### Records shown
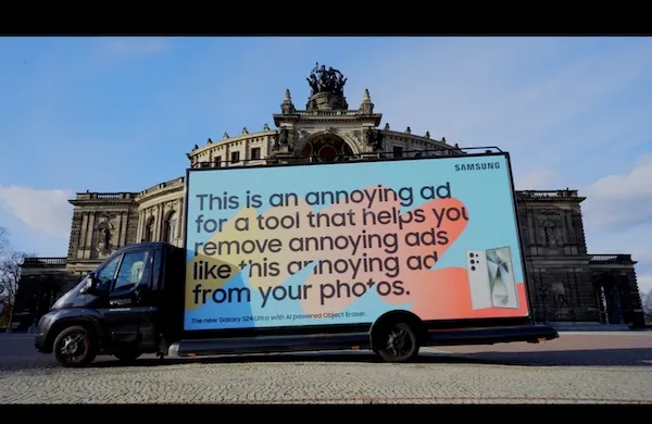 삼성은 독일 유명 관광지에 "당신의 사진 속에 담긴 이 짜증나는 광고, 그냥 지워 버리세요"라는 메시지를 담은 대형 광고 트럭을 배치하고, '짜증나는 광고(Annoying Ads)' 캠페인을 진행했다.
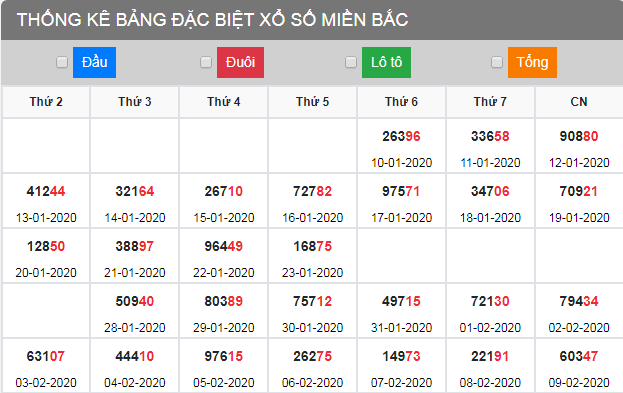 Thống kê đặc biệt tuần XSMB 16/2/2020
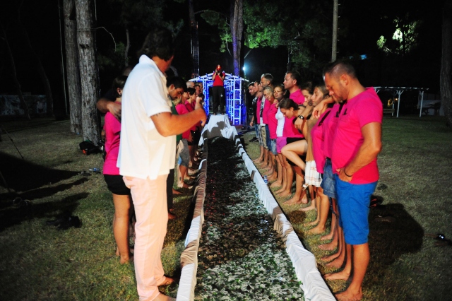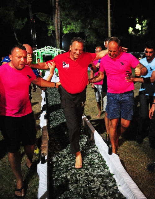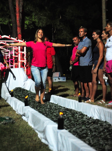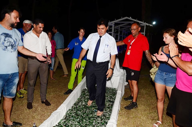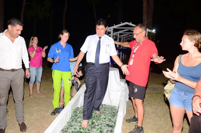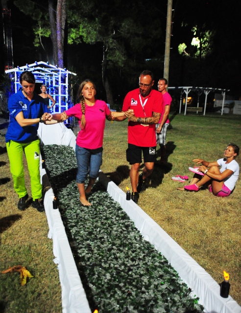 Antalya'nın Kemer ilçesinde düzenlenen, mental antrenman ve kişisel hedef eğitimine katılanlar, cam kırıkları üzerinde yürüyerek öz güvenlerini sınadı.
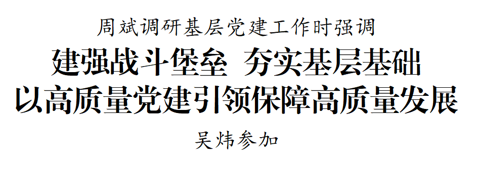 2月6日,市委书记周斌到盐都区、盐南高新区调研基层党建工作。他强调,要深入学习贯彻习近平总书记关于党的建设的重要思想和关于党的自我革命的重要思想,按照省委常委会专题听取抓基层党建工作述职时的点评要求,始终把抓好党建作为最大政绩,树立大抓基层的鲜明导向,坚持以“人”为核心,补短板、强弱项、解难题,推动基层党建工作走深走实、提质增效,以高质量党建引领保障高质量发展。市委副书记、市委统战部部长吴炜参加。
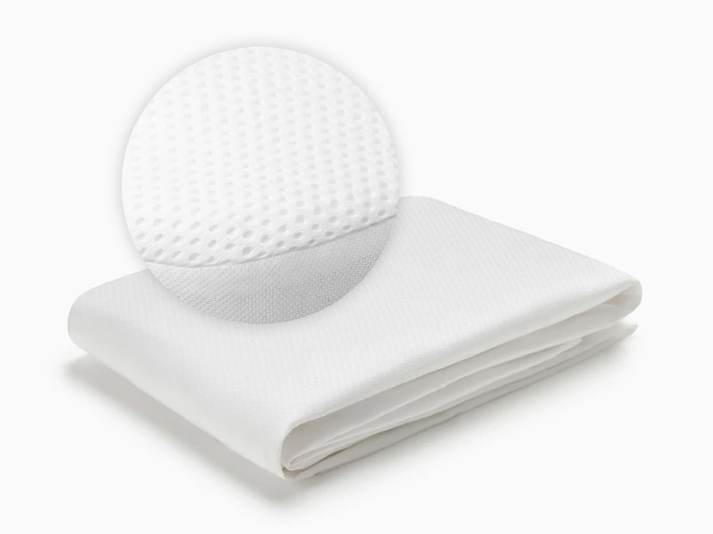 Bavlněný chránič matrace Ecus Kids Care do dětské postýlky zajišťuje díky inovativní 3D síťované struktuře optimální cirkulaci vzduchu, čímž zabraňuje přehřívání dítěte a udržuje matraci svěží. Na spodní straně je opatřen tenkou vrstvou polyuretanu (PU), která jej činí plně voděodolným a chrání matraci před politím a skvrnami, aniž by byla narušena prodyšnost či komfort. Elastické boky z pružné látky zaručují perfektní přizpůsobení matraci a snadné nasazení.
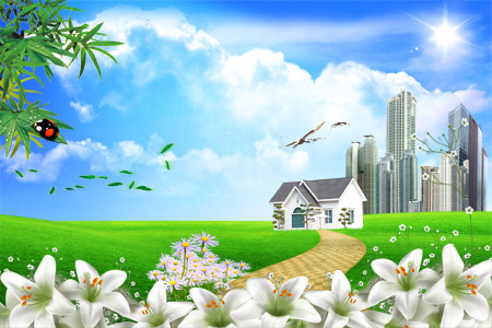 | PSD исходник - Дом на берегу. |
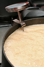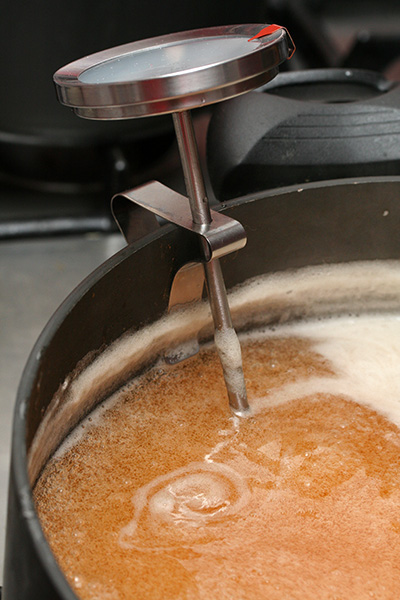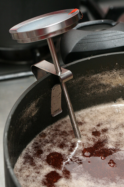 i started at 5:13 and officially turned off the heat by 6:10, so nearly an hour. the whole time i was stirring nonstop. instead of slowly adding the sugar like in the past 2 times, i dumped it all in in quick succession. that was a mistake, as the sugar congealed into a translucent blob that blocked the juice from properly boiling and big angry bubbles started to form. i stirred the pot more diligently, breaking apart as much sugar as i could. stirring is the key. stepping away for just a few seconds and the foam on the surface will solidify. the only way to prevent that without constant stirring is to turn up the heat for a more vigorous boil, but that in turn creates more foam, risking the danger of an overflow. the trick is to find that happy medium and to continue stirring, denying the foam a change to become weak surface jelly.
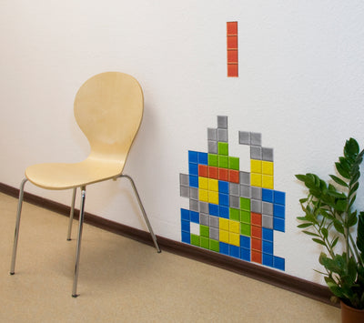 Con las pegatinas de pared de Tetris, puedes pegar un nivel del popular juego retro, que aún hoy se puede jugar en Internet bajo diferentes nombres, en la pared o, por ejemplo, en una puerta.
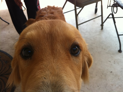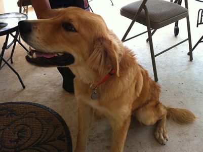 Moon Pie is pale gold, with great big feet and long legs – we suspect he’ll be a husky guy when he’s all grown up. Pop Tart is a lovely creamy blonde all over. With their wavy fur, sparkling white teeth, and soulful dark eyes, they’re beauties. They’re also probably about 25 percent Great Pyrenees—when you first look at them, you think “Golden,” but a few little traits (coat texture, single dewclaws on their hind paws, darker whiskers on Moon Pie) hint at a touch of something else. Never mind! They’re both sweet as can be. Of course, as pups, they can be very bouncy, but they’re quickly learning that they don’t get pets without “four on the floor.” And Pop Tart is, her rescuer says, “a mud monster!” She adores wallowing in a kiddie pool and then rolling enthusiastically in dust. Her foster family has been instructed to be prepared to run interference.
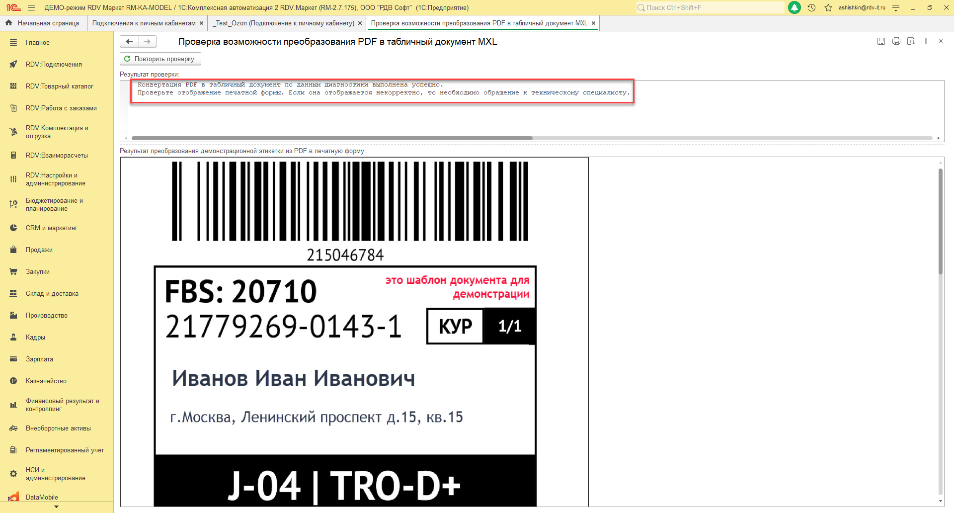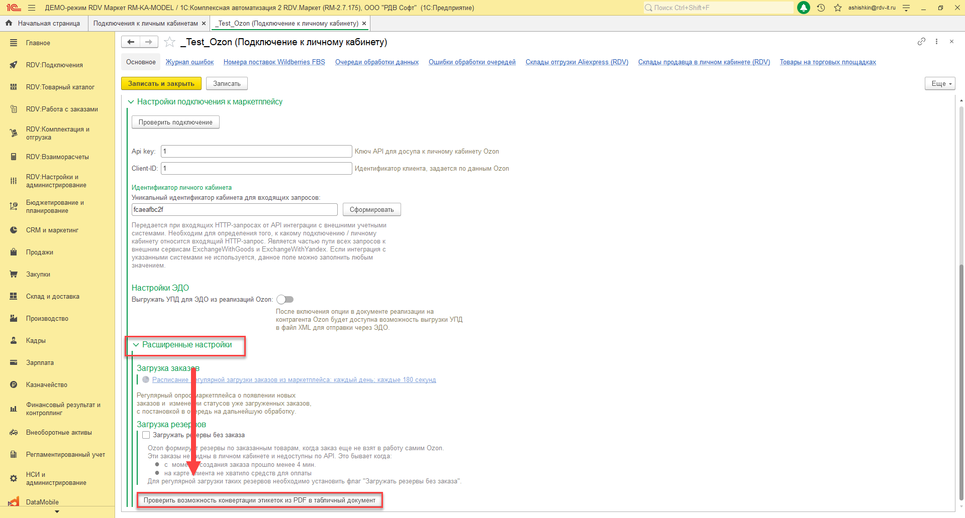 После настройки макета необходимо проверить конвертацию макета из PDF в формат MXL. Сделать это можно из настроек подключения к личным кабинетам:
######
### Records shown
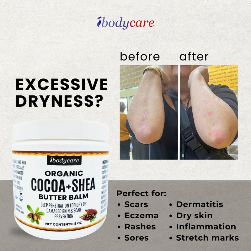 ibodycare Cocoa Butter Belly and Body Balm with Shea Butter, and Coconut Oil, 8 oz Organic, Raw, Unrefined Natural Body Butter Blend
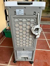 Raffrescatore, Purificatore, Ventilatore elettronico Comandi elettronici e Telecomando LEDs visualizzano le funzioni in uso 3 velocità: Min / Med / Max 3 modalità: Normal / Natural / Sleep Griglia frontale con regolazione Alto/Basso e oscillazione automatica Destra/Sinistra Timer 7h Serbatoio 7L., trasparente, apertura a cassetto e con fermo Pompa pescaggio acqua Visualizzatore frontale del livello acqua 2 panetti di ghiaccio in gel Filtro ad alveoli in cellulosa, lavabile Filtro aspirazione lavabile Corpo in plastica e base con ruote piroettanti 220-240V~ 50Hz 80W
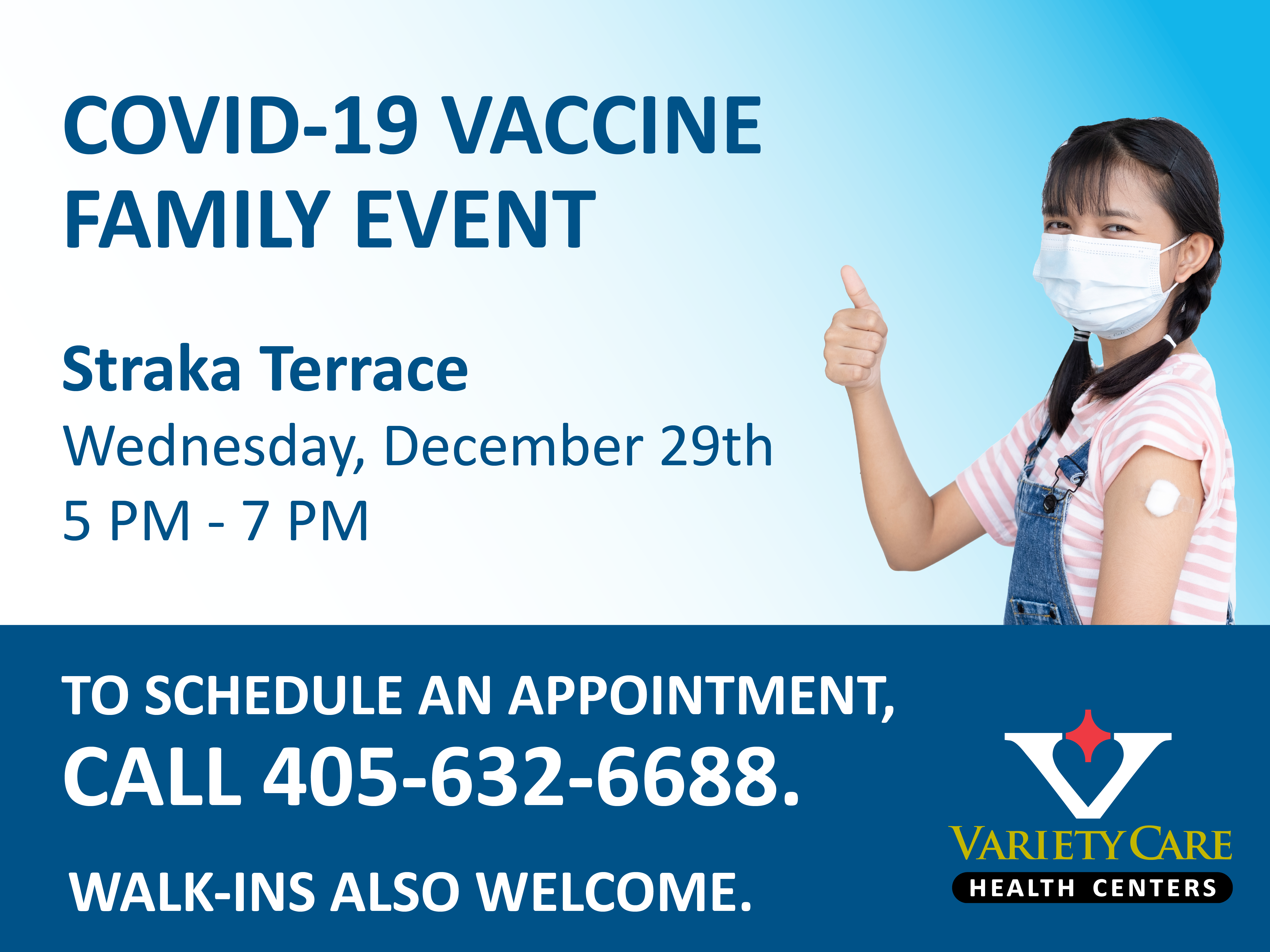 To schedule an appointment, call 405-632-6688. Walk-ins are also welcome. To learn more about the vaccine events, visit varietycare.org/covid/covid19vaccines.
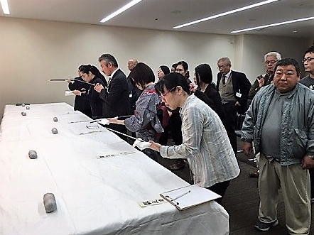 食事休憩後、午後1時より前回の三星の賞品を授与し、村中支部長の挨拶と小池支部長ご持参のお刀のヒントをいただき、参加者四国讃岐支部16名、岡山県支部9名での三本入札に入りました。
######
### Records shown
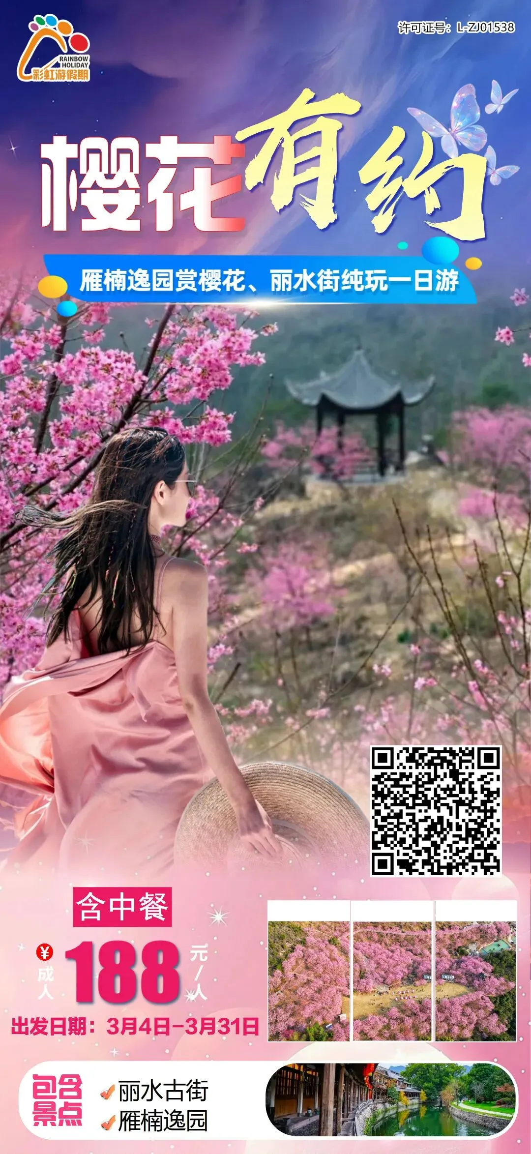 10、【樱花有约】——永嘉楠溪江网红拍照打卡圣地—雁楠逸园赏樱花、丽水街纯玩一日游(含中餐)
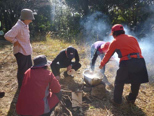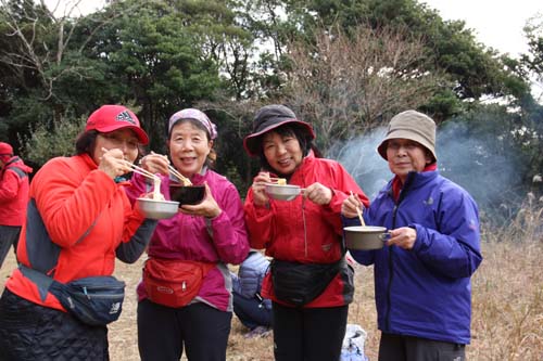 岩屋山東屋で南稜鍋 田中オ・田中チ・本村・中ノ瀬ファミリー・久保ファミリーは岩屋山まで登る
######
# Description of the task
Restate word for word every line from the one with "Moon Pie is" up to and including the one with "После настройки макета" in the records above, minus the pictures.

# Written reply
 Moon Pie is pale gold, with great big feet and long legs – we suspect he’ll be a husky guy when he’s all grown up. Pop Tart is a lovely creamy blonde all over. With their wavy fur, sparkling white teeth, and soulful dark eyes, they’re beauties. They’re also probably about 25 percent Great Pyrenees—when you first look at them, you think “Golden,” but a few little traits (coat texture, single dewclaws on their hind paws, darker whiskers on Moon Pie) hint at a touch of something else. Never mind! They’re both sweet as can be. Of course, as pups, they can be very bouncy, but they’re quickly learning that they don’t get pets without “four on the floor.” And Pop Tart is, her rescuer says, “a mud monster!” She adores wallowing in a kiddie pool and then rolling enthusiastically in dust. Her foster family has been instructed to be prepared to run interference.
 После настройки макета необходимо проверить конвертацию макета из PDF в формат MXL. Сделать это можно из настроек подключения к личным кабинетам:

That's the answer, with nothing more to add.